It's pretty close to 2200 lbs at most places. If you can buy direct most people pay in the low 70's for a tonne of salt which is 2200 lbs delivered. Most salt yards sell from between 90 and 110 so they're doing quite well on it of they can sell enough.


----------



## Whiffyspark (Dec 23, 2009)

JD Dave;1736646 said:


> It's pretty close to 2200 lbs at most places. If you can buy direct most people pay in the low 70's for a tonne of salt which is 2200 lbs delivered. Most salt yards sell from between 90 and 110 so they're doing quite well on it of they can sell enough.

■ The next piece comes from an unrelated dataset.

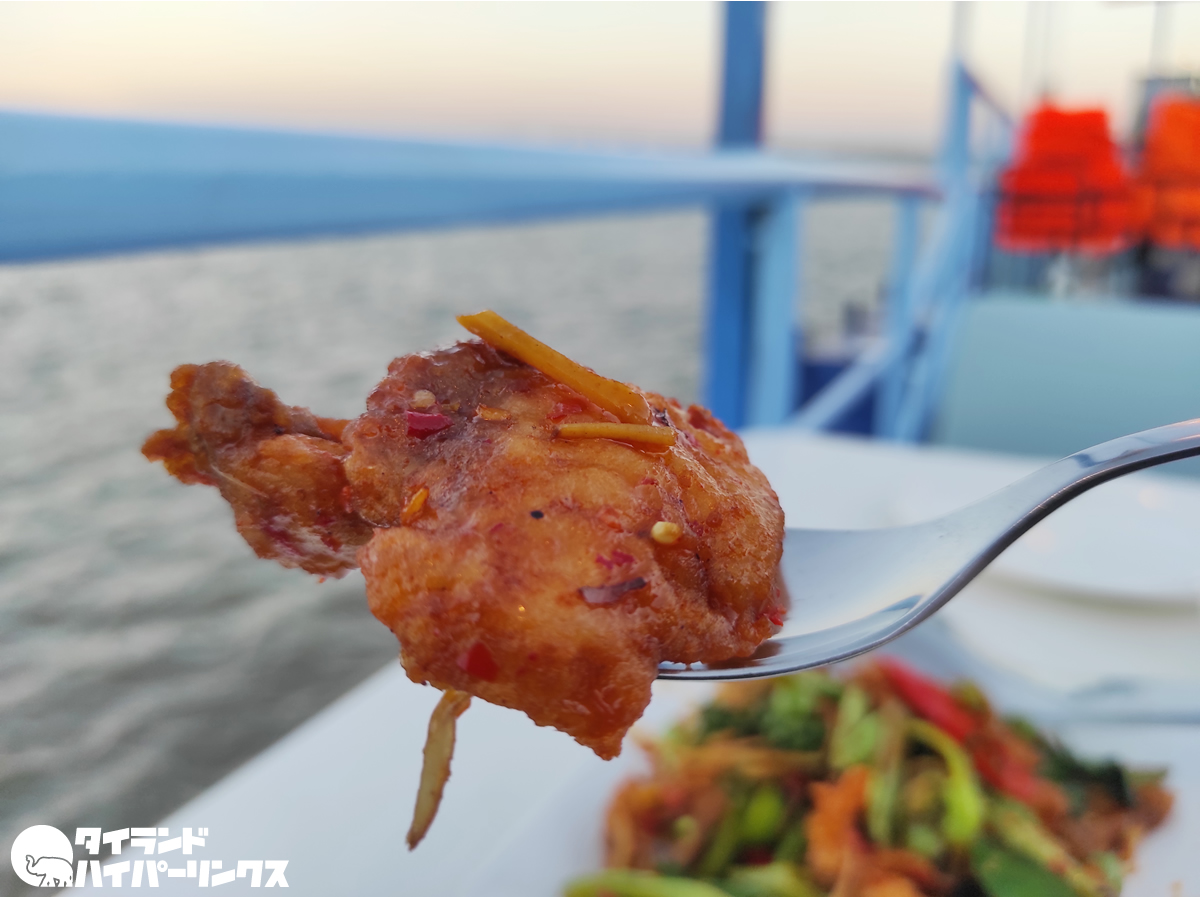 オーダーした料理一品目は250バーツ「パットチャープラーナムコーン(ผัดฉ่าปลาน้ำโขง)<Stir fried Mekong fish with Thai herbs>」。つまり「メコン魚のピリ辛炒め」。なんだか良くわかりませんが、メコン川の魚だそうです。ハーブと濃い目の味付けで、魚の臭みはなく、美味しいこと!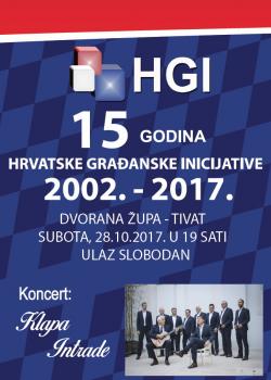 Hrvatska građanska inicijativa će u subotu, 28. listopada, proslaviti 15 godina od osnutka stranke, te će tom prigodom članovima, simpatizerima, Gradu i svim ljubiteljima dobre glazbe pokloniti koncert poznate hrvatske klape „Intrade“ iz Zadra.

Yet I get jumped on for saying $165 a ton is riducolous.


----------



## JD Dave (Mar 20, 2007)

Whiffyspark;1736659 said:


> Yet I get jumped on for saying $165 a ton is riducolous.


That's in a normal year. We can't get salt now so either pay up and look after your contracts or you say screw it. There is a shortage no matter what you think and I did say $163 picked up was gouging. $110 delivered isn't that bad if you need it.


----------



## JimMarshall (Jan 25, 2013)

I pay in the mid $60s a ton delivered.


----------



## JD Dave (Mar 20, 2007)

JimMarshall;1737239 said:


> I pay in the mid $60s a ton delivered.


Our ton is 10% bigger then yours so were basically at the exact same price. Well that was until everything became in short supply.


----------



## JimMarshall (Jan 25, 2013)

JD Dave;1737264 said:


> Our ton is 10% bigger then yours so were basically at the exact same price. Well that was until everything became in short supply.


Which I still don't understand. A ton should be a ton wherever you go.


----------



## SHAWZER (Feb 29, 2012)

Metric system


----------



## potskie (Feb 9, 2011)

JimMarshall;1737874 said:


> Which I still don't understand. A ton should be a ton wherever you go.


It's not our fault the US had to be different from the rest of the world


----------



## JimMarshall (Jan 25, 2013)

SHAWZER;1737890 said:


> Metric system


In my mind, a ton is a unit of lbs. I guess because I never knew that 1k kg was called a ton too.


----------



## derekbroerse (Mar 6, 2004)

Pretty much the entire world has gone to metric, because everything is a multiple of 10 and makes sense...


----------